Patti Stenhouse

Personal information
- Nationality: Canadian
- Born: 24 September 1955 (age 70)

Sport
- Sport: Swimming
- Event: Butterfly
- Club: North Vancouver SC Ridge SC (Surrey)

Medal record
Representing Canada
British Commonwealth Games
| Gold medal – first place | 1974 Christchurch | 100 m butterfly |
| Gold medal – first place | 1974 Christchurch | 4×100 medley |
| Silver medal – second place | 1974 Christchurch | 200 m butterfly |

= Patti Stenhouse =

Canadian swimmer

Patti Stenhouse (born 24 September 1955) is a Canadian former swimmer who was Commonwealth champion in the 100 metre butterfly.
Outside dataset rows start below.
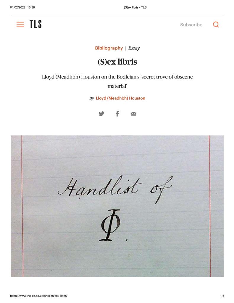 – ‘(S)ex Libris’, Times Literary Supplement (10 January 2019), Online.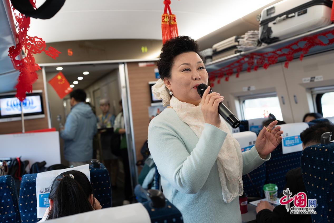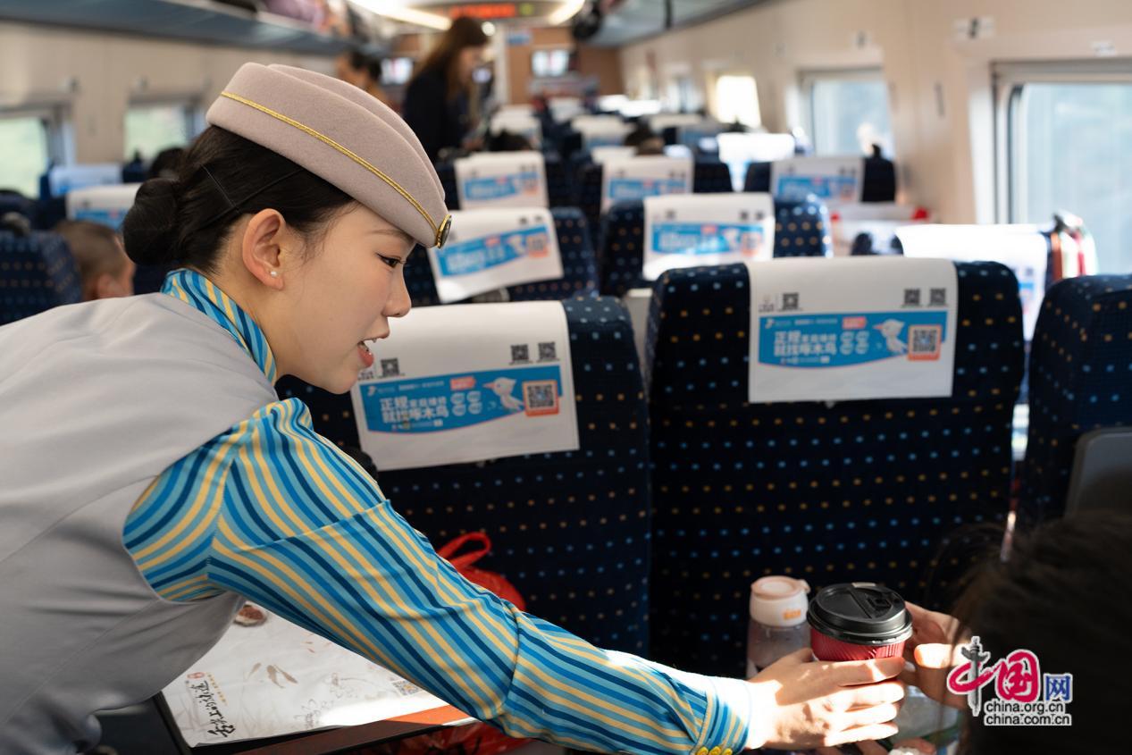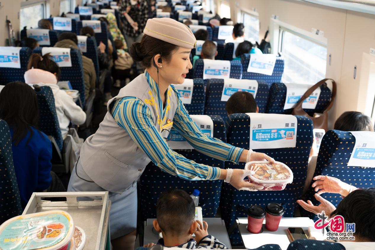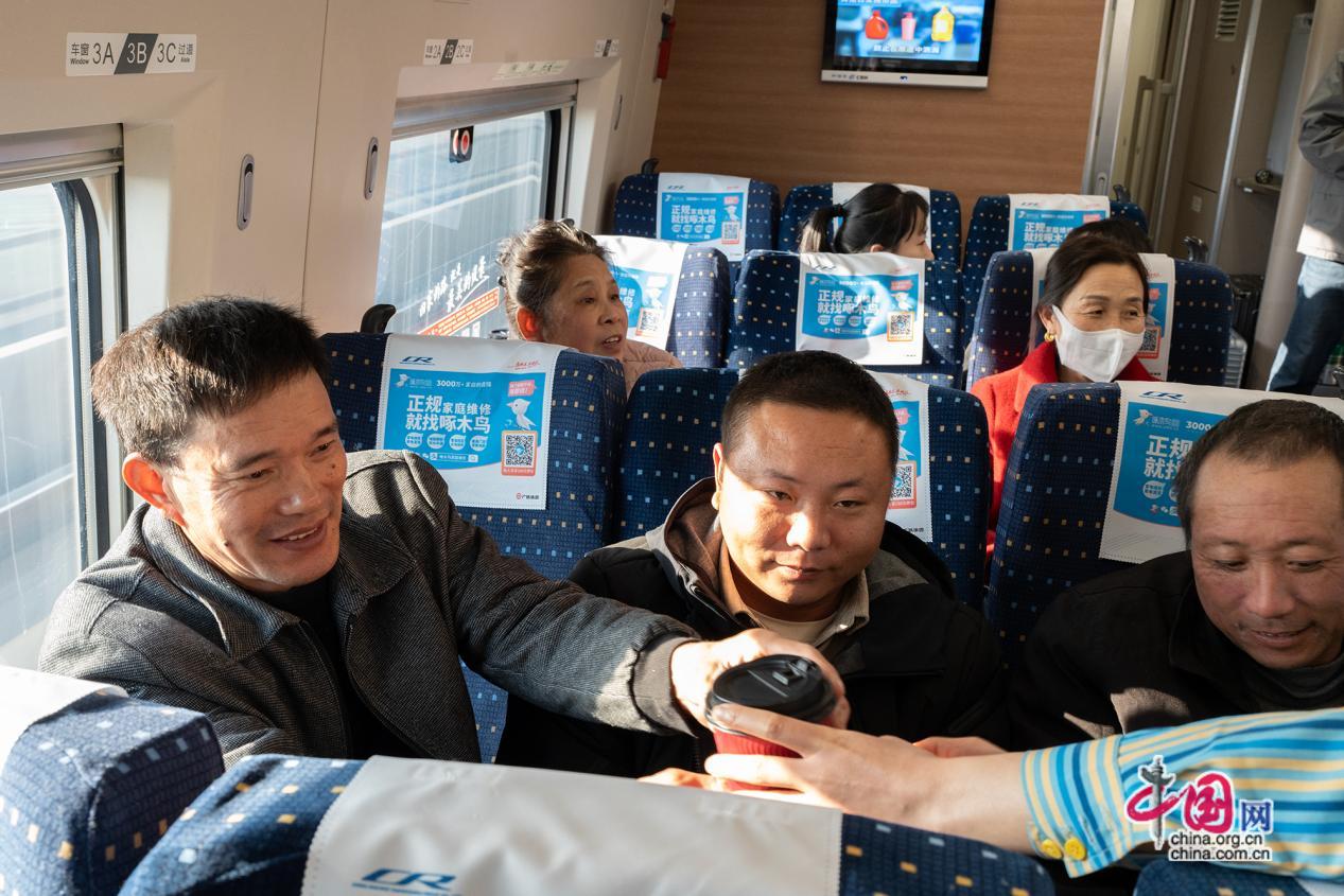 返乡专列上安排了写春联“福”字送工友活动。返乡旅途中,车厢里洋溢着浓浓的年味。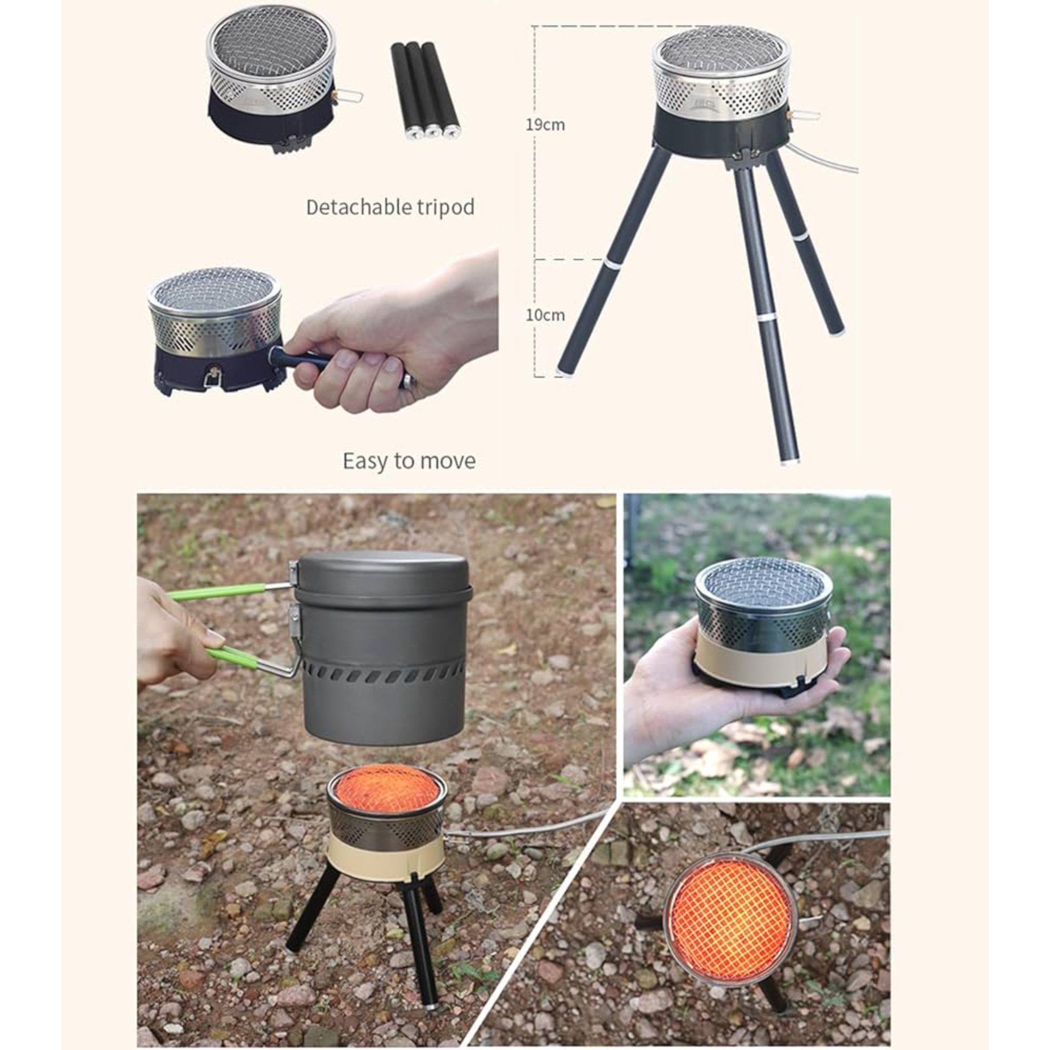 - کارایی و سرعت: توان حرارتی 1900 وات برای جوش آوردن سریع آب و پخت مؤثر انواع غذاها در فضای باز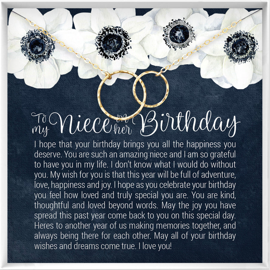 A set of interlocking circles hangs beautifully from our sparkly signature chain.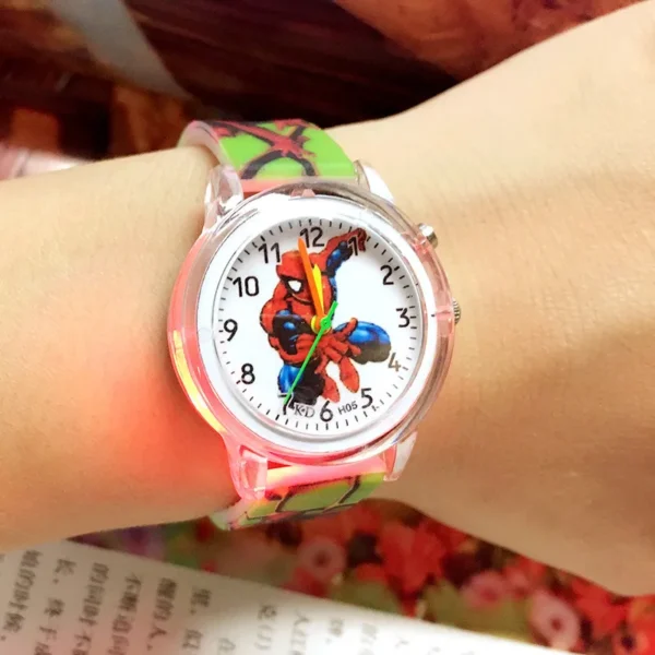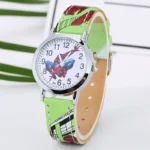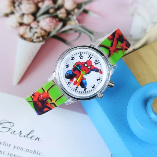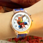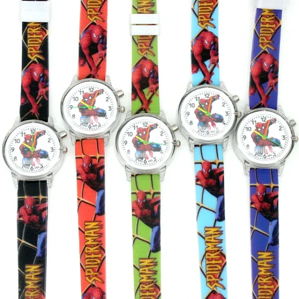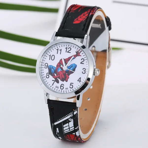 Παιδικό ρολόι, αναλογικό, με τον Spiderman που τόσο γοητεύει τα αγόρια! Η κάσα του είναι από ανοξείδωτο ατσάλι και το λουράκι του από δέρμα! Διάμετρος καντράν 2,8 cm! Αδιάβροχο μόνο για πλύσιμο χεριών!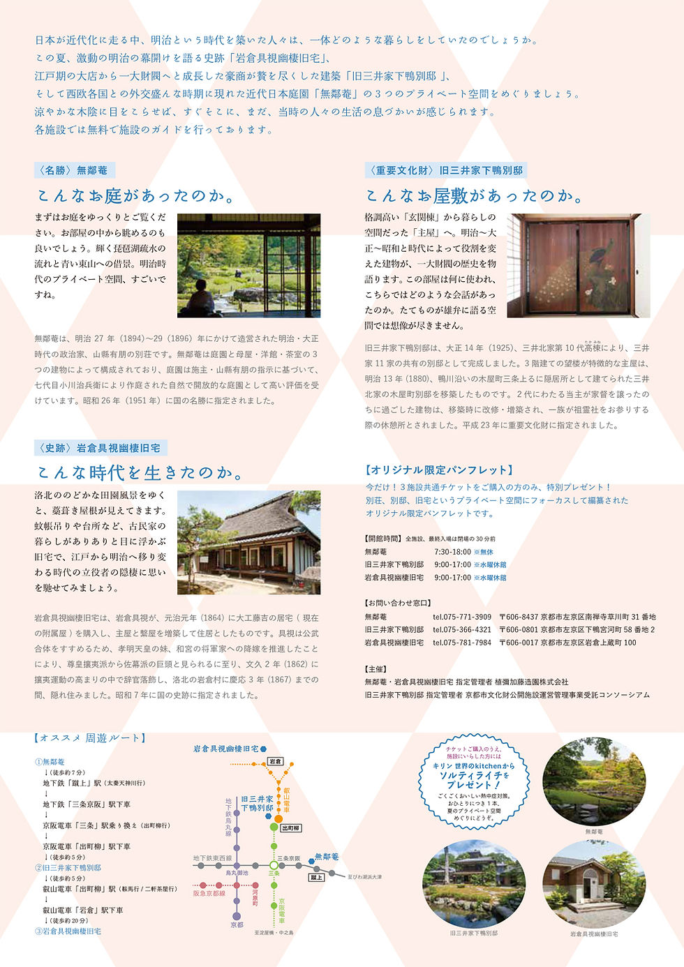 旧三井家下鴨別邸 9:00-17:00 ※水曜休館 tel.075-366-4321 〒606-0801 京都市左京区下鴨宮河町 58 番地 2

Stenhouse, a butterfly specialist, swam for the Ridge SC in Surrey, British Columbia, which was formed by her father Jim to train his three children. She is the elder sister of swimmer Janice Stenhouse, with whom she competed at the 1973 World Aquatics Championships in Belgrade.

At the 1974 British Commonwealth Games, held in Christchurch, Stenhouse won three medals for Canada, including gold in both the 100 metre butterfly and 4x100 medley relay. She set a national record in the 200m butterfly to finish with a silver medal.